GIVEN ENTRIES —
[Start of section]
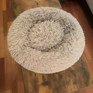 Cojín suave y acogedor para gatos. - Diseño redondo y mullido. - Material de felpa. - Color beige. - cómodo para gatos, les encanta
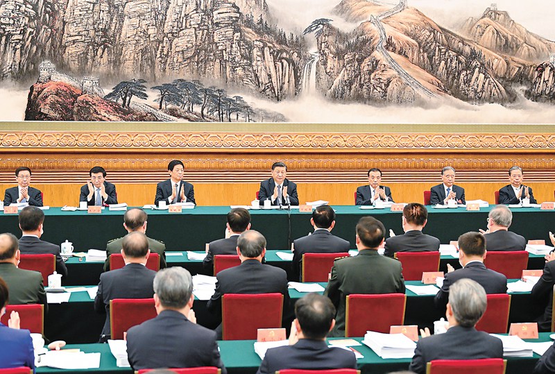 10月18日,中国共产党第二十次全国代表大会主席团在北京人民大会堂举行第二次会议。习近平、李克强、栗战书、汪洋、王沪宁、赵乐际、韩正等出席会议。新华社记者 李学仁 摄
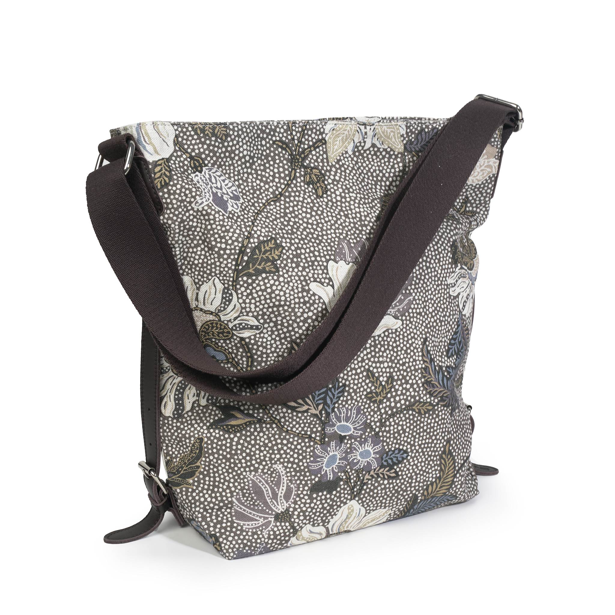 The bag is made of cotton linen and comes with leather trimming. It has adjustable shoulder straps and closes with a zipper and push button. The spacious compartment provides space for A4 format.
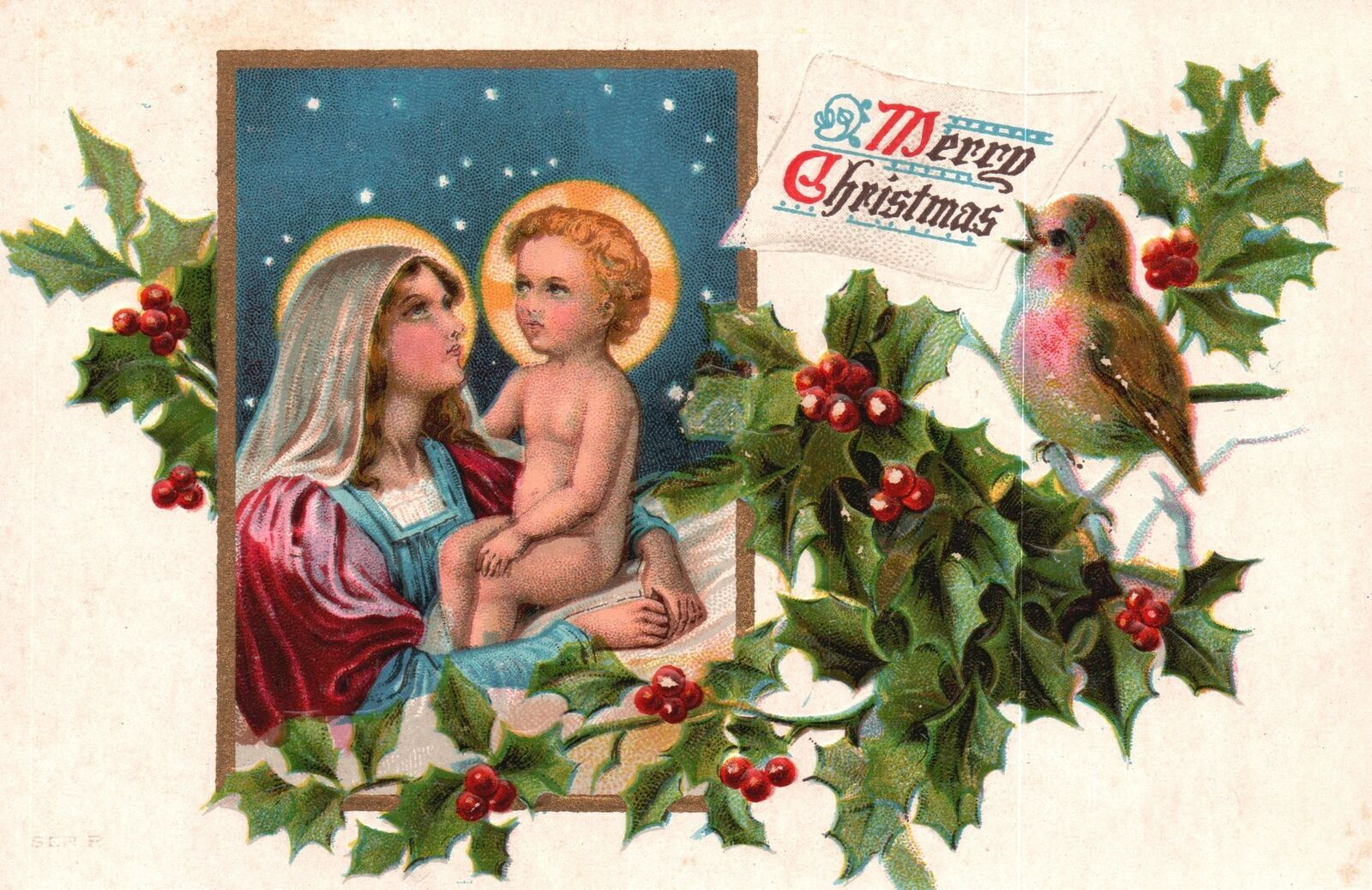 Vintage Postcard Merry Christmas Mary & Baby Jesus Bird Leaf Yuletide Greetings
[End of section]
[Start of section]
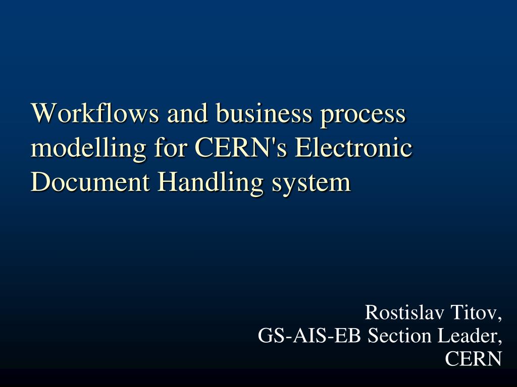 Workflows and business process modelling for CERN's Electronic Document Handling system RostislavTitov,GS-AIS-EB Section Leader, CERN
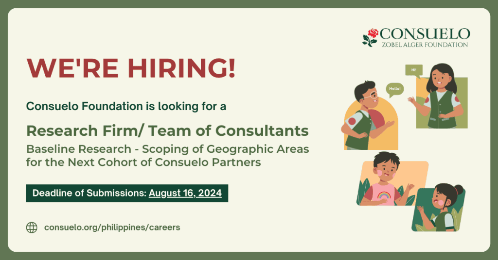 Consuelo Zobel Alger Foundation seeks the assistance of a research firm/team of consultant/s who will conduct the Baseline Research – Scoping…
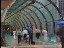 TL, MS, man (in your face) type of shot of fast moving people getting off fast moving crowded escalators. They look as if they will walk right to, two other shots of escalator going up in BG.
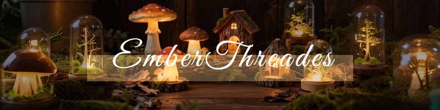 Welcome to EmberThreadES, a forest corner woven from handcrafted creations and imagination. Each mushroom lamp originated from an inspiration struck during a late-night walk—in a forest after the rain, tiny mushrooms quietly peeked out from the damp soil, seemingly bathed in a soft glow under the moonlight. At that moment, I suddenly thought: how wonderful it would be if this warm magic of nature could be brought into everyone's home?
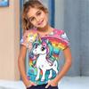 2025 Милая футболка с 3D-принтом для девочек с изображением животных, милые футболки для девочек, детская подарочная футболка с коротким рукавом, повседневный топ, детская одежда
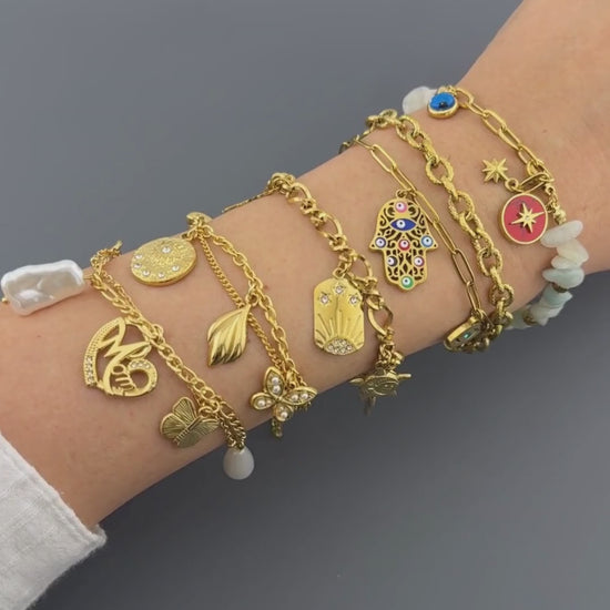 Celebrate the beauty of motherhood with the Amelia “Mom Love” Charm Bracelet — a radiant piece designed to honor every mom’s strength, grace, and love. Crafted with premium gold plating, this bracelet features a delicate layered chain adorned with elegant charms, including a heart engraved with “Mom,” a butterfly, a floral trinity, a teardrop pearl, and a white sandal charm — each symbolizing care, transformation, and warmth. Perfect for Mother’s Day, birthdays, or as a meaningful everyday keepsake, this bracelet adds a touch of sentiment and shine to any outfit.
[End of section]
Only one stretch of the entries above is needed: the lines from the one containing "Cojín suave y" through the one containing "Vintage Postcard Merry". Copy it exactly, without the pictures.

RESPONSE AREA —
 Cojín suave y acogedor para gatos. - Diseño redondo y mullido. - Material de felpa. - Color beige. - cómodo para gatos, les encanta
 10月18日,中国共产党第二十次全国代表大会主席团在北京人民大会堂举行第二次会议。习近平、李克强、栗战书、汪洋、王沪宁、赵乐际、韩正等出席会议。新华社记者 李学仁 摄
 The bag is made of cotton linen and comes with leather trimming. It has adjustable shoulder straps and closes with a zipper and push button. The spacious compartment provides space for A4 format.
 Vintage Postcard Merry Christmas Mary & Baby Jesus Bird Leaf Yuletide Greetings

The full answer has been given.